Since 2.2.0, a new API is available, which will become the default. Typical usage is:
import pylab
import numpy as np
from scikits.odes import ode
t0, y0 = 1, np.array([0.5, 0.5]) # initial condition
def van_der_pol(t, y, ydot):
""" we create rhs equations for the problem"""
ydot[0] = y[1]
ydot[1] = 1000*(1.0-y[0]**2)*y[1]-y[0]
solution = ode('cvode', van_der_pol, old_api=False).solve(np.linspace(t0,500,200), y0)
pylab.plot(solution.values.t, solution.values.y[:,0], label='Van der Pol oscillator')
pylab.show()
For simplicity there is also a convenience function odeint wrapping the ode solver class. See example use in simple.py.
Basic use:
- Simple oscillator solved with cvode
- DAE example: planar pendulum solved with ida
Advanced use:
- Double pendulum Example of using classes to pass residual and jacobian functions to IDA, and of how to implement roots functionality.
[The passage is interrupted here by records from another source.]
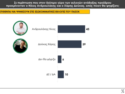 Από την άλλη όπως προκύπτει ο Ανδρουλάκης προηγείται στις εσωκομματικές εκλογές στο ΠΑΣΟΚ την ώρα που είναι ντέρμπι η ανάλογη διαδικασία στον ΣΥΡΙΖΑ.
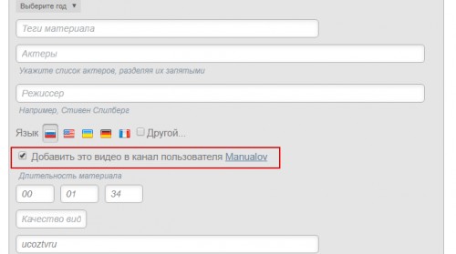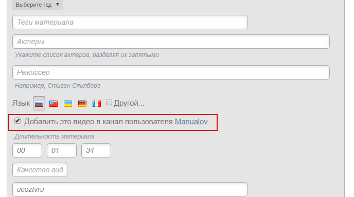 Полученный код пропишите в поле «Код для вставки видео» и заполните остальные поля.
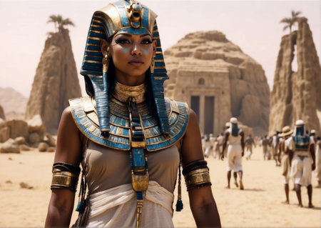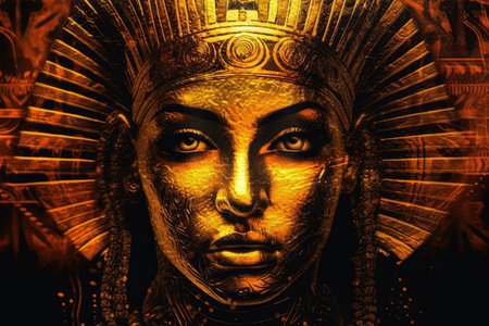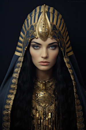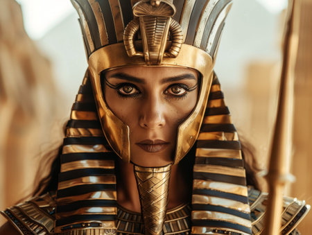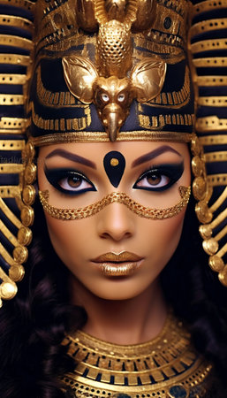 Powerful Egyptian queen in golden headdress
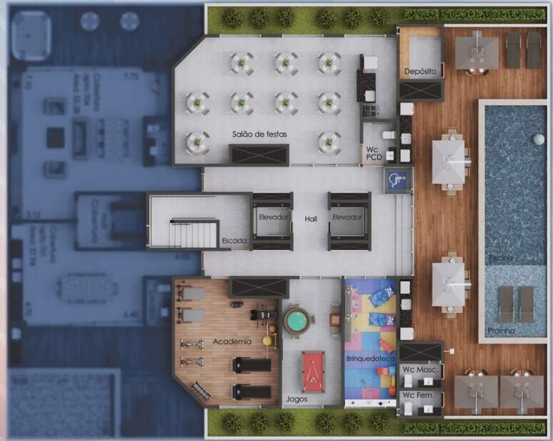 O empreendimento tem uma vasta área de lazer com piscina, espaço gourmet, academia, salão de festas, salão de jogos, elevador e muito mais para garantir a sua diversão.
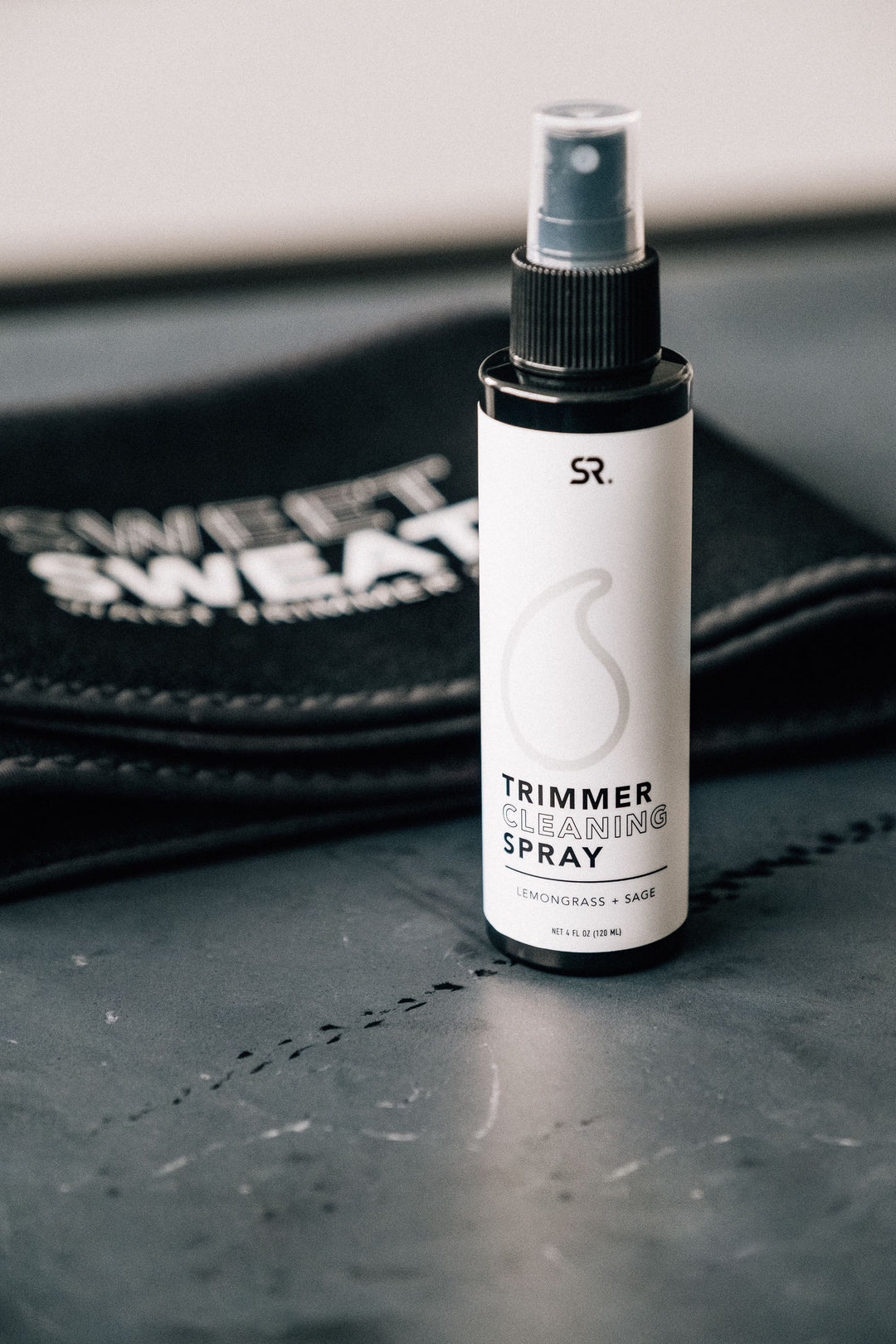 Just shake and spray. After you’ve sprayed the entire Trimmer area, let it sit for five minutes— go take your shower, wash your face, or sit on the floor and give your legs some reprieve—then wipe it clean.
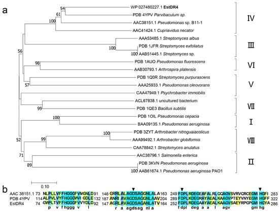 Phylogenetic tree of EstDR4 and homologous sequence alignment. (a) Phylogenetic evolutionary tree of EstDR4 constructed using 21 amino acid sequences of lipolytic enzymes from different families and EstDR4. The protein ID at NCBI or the protein databank (PDB) are shown before the name of the strain that was the enzyme source. (b) Homologous sequence alignment constructed using the amino acid sequences of EstDR4, Pseudomonas sp. lipase (AAC38151.1), and Parvibaculum sp. esterase (PDB ID 4YPV), which all belong to family IV. The catalytic triads are marked by black arrows.
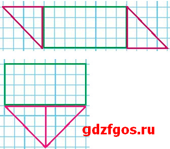 Начерти на клетчатой бумаге и вырежи прямоугольник и два треугольника, как на чертеже.
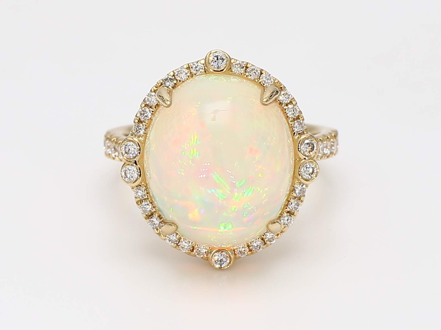 OVAL OPAL & ROUND DIAMOND 14KY RING
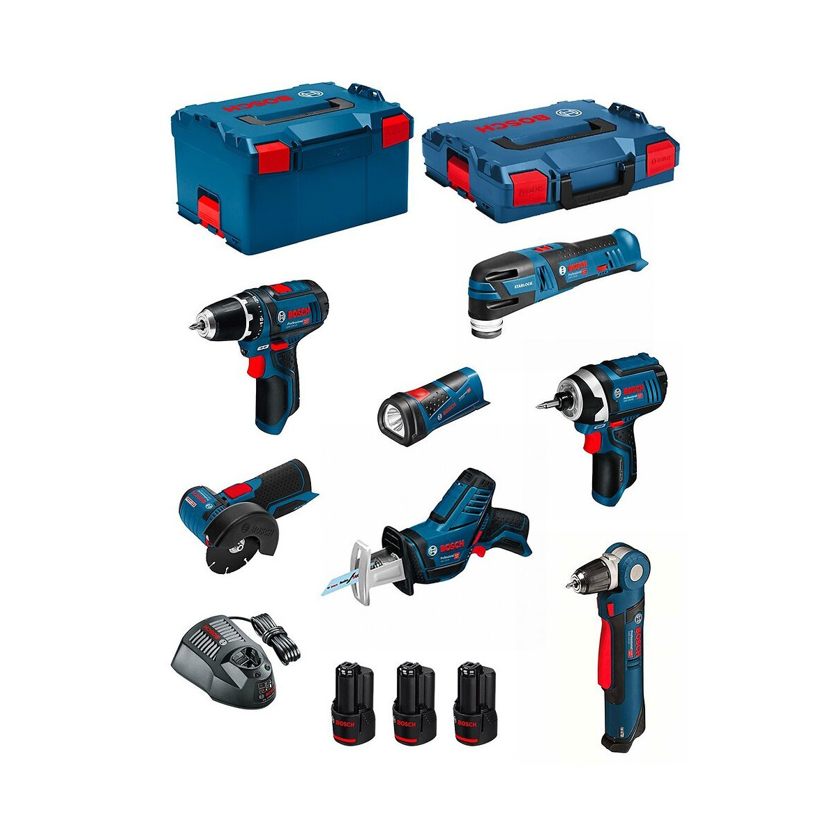 BOSCH Kit 12V BMK7-28CD3 Perceuse-Visseuse BOSCH GSR 12V-15 Professional - Sa conception extrêmement réduite de 169 mm offre pour une prise en main optimale notamment lors des travaux de vissage et perçage en hauteur et dans les endroits difficiles d'accès - Performance professionnelle : son engrenage 2 vitesses garantit un couple puissant de 15 Nm (matériaux tendres), pour le perçage (jusqu'à 19 mm) et le vissage (jusqu'à 7 mm) - Mandrin Auto-Lock 10 mm - Éclairage LED intégré pour éclairer la zone de travail, même dans les endroits sombres Visseuse à Chocs BOSCH GDR 12V-105 Professional - Avec 137 mm, elle est la plus compacte de la catégorie 12 V. Elle assure une prise en main optimale notamment lors des travaux de vissage en hauteur et dans les endroits difficiles d'accès - Couple remarquable (105 Nm) suffisant pour 80 % des applications courantes dans le métal et le béton - Résultats parfaits grâce à la présélection de vitesse pour les applications nécessitant une vitesse adaptée au matériau - Réversibilité gauche/droite pour visser et dévisser - Très bonne maniabilité de la visseuse grâce à sa poignée antidérapante Soft Grip - Eclairage LED intégré pour illuminer la zone de travail, même dans les coins sombres Perceuse d'Angle BOSCH GWB 12V-10 Professional - Très grande polyvalence grâce à sa tête orientable dans 5 positions : 0° / 22.5° / 45° / 67.5° / 90° - Très compacte : tête orientable extrêmement courte (seulement 11 cm) avec mandrin Auto-Lock de 10 mm - Régime élevé de 0 à 1300 trs/min pour une progression rapide, idéal pour les perçages Meuleuse d'Angle BOSCH GWS 12V-76 Professional - Maniable dans chaque situation: extrêmement compacte et ergonomique pour un tronçonnage rapide sur les chantiers - Progression de travail rapide grâce au puissant moteur EC sans charbon - Usage polyvalent dans de nombreux matériaux Outil Multifonction BOSCH GOP 12V-28 Professional - L'Outil Multifonction sans-fil le plus compact de la gamme Starlock Bosch - Interface Starlock avec système d'accroche en étoile pour une transmission optimale du couple entre l'outil et l'accessoire - Moteur BRUSHLESS : plus endurant, autonomie accrue, plus de puissance grâce au moteur sans charbon - Présélection de vitesse : des résultats parfaits pour les applications nécessitant une vitesse adaptée au matériau - Poignée très fine pour une prise en main très ergonomique et agréable - Grande légèreté pour une bonne maniabilité et un grand confort d'utilisation Scie Sabre BOSCH GSA 12V-14 Professional - La scie la plus compacte de sa catégorie pour une maniabilité parfaite et de nombreuses possibilités d'utilisation dans le bois, le métal et le plastique - Résultats parfaits grâce à la présélection de vitesse pour les applications nécessitant une vitesse adaptée au matériau - Ergonomie excellente : poignée fine et faible poids (1,2 kg seulement) pour un confort de travail maximal - Eclairage LED intégré pour illuminer la zone de travail, même dans les coins sombres Lampe LED BOSCH GLI 12V-80 Professional - Technologie LED à économie d'énergie permettant d'éclairer pendant toute une journée - Forme ergonomique et zones préhension à revêtement softgrip pour une bonne prise en main - Cette lampe torche classique est idéale pour éclairer de petits espaces ou des endroits exigus - Compatible avec toutes les batteries 12 V de Bosch Professional (Professional 12V System)

For examples, see the docs/src/examples directory and scikits/odes/tests directory.
You can learn by example from following code that uses odes
- Centrifuge simulation, a wrapper around the ida solver: see centrifuge-1d
You have a project using odes? Do a pull request to add your project.
- You need numpy and scipy installed, as the aim is to extend scipy.integrate
- You need to have cython installed and executable
- You need python development files available (python-dev package)
- You need a fortran compiler to install from source.
- If you use python < 3.4, you need the enum34 package (eg via command: pip install enum34)
- You need to have the sundials package version 2.6.2 installed, see (https://computation.llnl.gov/casc/sundials/download/download.html)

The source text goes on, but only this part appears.